- Theatrical release poster
- Directed by: Pilu Heigrujam
- Screenplay by: Joy Soram
- Story by: Pilu Heigrujam
- Produced by: Bandana Maisnam & Ilu
- Starring: Leishangthem Rahul Sonia Samjetsabam
- Cinematography: Sanjoy Ch.
- Edited by: Pilu Heigrujam
- Music by: G. Hemchandra A.R. Inao Background Score: Bishow Ch.
- Production company: Bandana Films
- Distributed by: Bandana Films
- Release date: 30 October 2013;
- Running time: 112 minutes
- Country: India
- Language: Meiteilon (Manipuri)

= Ureinung =

Ureinung is a 2013 Manipuri film directed by Pilu Heigrujam and produced by Bandana Maisnam and Ilu, under the banner of Bandana films. It stars Sonia Samjetsabam as the titular protagonist with Leishangthem Rahul in the lead roles. The film was released at Manipur Film Development Corporation (MFDC) on 30 October 2013 and at Bhagyachandra Open Air Theatre (BOAT) on 6 November 2013.

Ureinung is based on the music video of the same title, which stars Nirmal Kangjam and Sonia Samjetsabam. In the film, Nirmal Kangjam is replaced by Leishangthem Rahul and Sonia Hijam by Chitra Pangambam.

==Cast==
- Sonia Samjetsabam as Ureinung
- Leishangthem Rahul as Poireinganba
- Bebeto as Ningthou Manao Ibungo
- Elangbam Indu as Ureinung's foster mother
- Denny Likmabam as Ureinung's father
- Dev as Ningthou
- Chitra Pangambam as Leimarel
- Raj Elangbam as Selungba
- Arya as Sagol Hanjaba
- Samjetsabam Mangoljao as Poireinganba
- Bidyalaxmi
- Mango

==Soundtrack==
G. Hemchandra and A.R. Inao composed the soundtrack for the film and Mantri Meitei wrote the lyrics.

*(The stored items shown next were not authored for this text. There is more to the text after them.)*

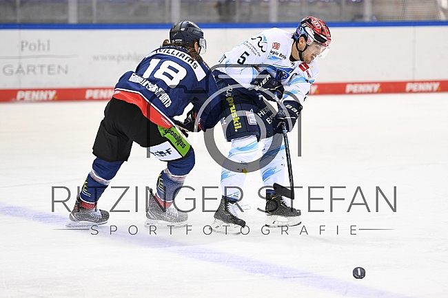 Beschreibung: Im Bild Jeremy Williams (Nr.18 - Straubing Tigers), Fabio Wagner (Nr.5 - ERC Ingolstadt).
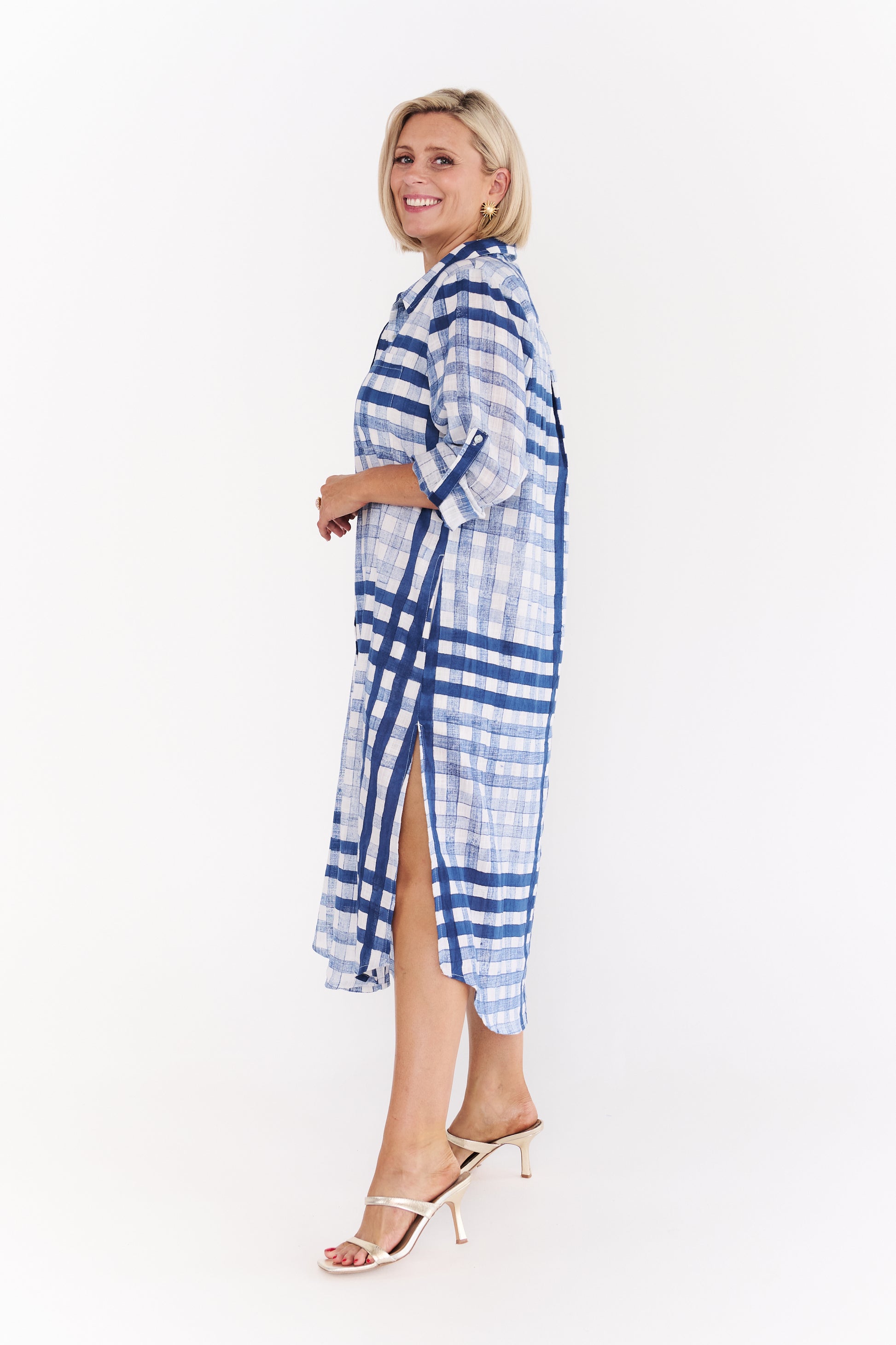 This dress is a relaxed, mid-calf button-down made from a soft blue and white plaid fabric that evokes a sense of casual ease and timeless charm.
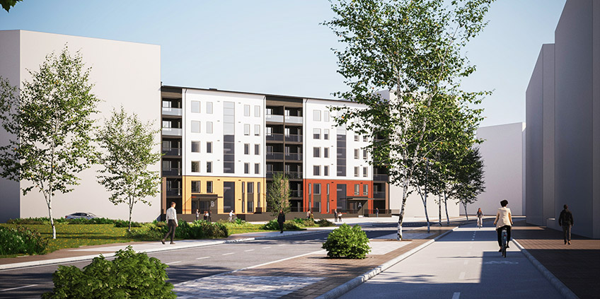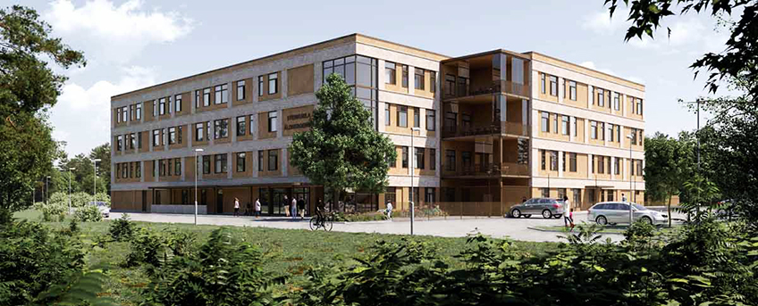 På Läroverksvallen i Borlänge uppförs 101 hyreslägenheter i en…
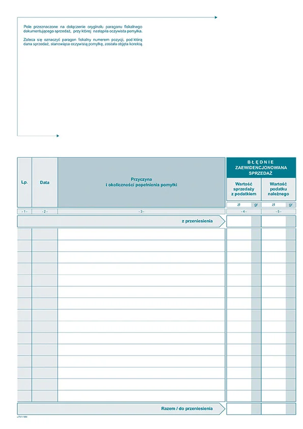 Vu-73u Ewidencja VAT oczywistych pomyłek dla kasy rejestrującej
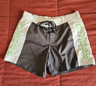 Costume da bagno Uomo Taglia S Sundek con un design a blocchi di colore. - Pannelli laterali bianchi con scritta verde - Pannello centrale grigio. - Coulisse in vita per una vestibilità regolabile. - tasca posteriore con apertura a strappo e con logo
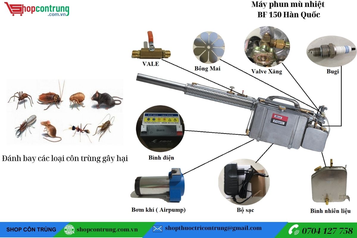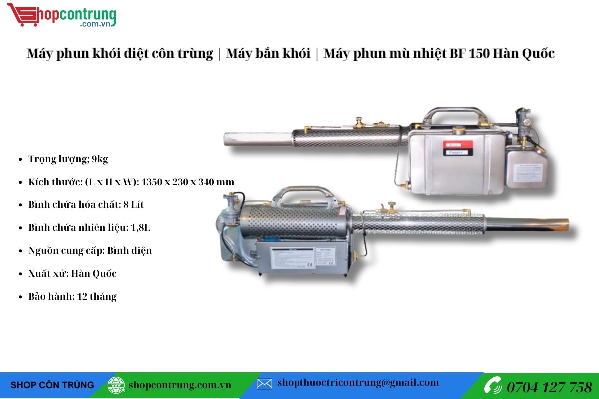Máy phun khói BF‑150 Hàn Quốc là giải pháp tối ưu để diệt côn trùng và khử trùng, giúp bạn bảo vệ sức khỏe gia đình, nâng cao hiệu quả sản xuất nông nghiệp và vệ sinh công nghiệp.
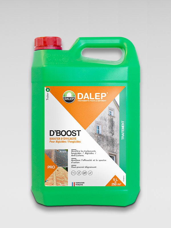 Augmente la vitesse d’action du traitement | Élimine les graisses et les salissures | À diluer avec un fongicide | Sans rinçage | Toitures, murs, terrasses | Produit lavant | Augmente le spectre d’action.

The songs are titled Nungsi Nangbu Ureinung and Konggoi Khuroure Lakaanung.

| No. | Title | Lyrics | Music | Singer(s) | Length |
|---|---|---|---|---|---|
| 1. | "Nungsi Nangbu Ureinung" | Mantri Meitei | G. Hemchandra | Raj Elangbam, Premlata | 05:05 |
| 2. | "Konggoi Khuroure Lakaanung" | Mantri Meitei | A.R. Inao | Raj Elangbam, Chitra Pangabam | 05:02 |
| Total length: |  |  |  |  | 10:07 |

== Reception ==
Writing about Sonia Samjetsabam for Hueiyen Lanpao, Meira and Soibam opined that "Sonia Samjetsabam has made a mark in Manipuri film world with a lead role in the film "Ureinung'".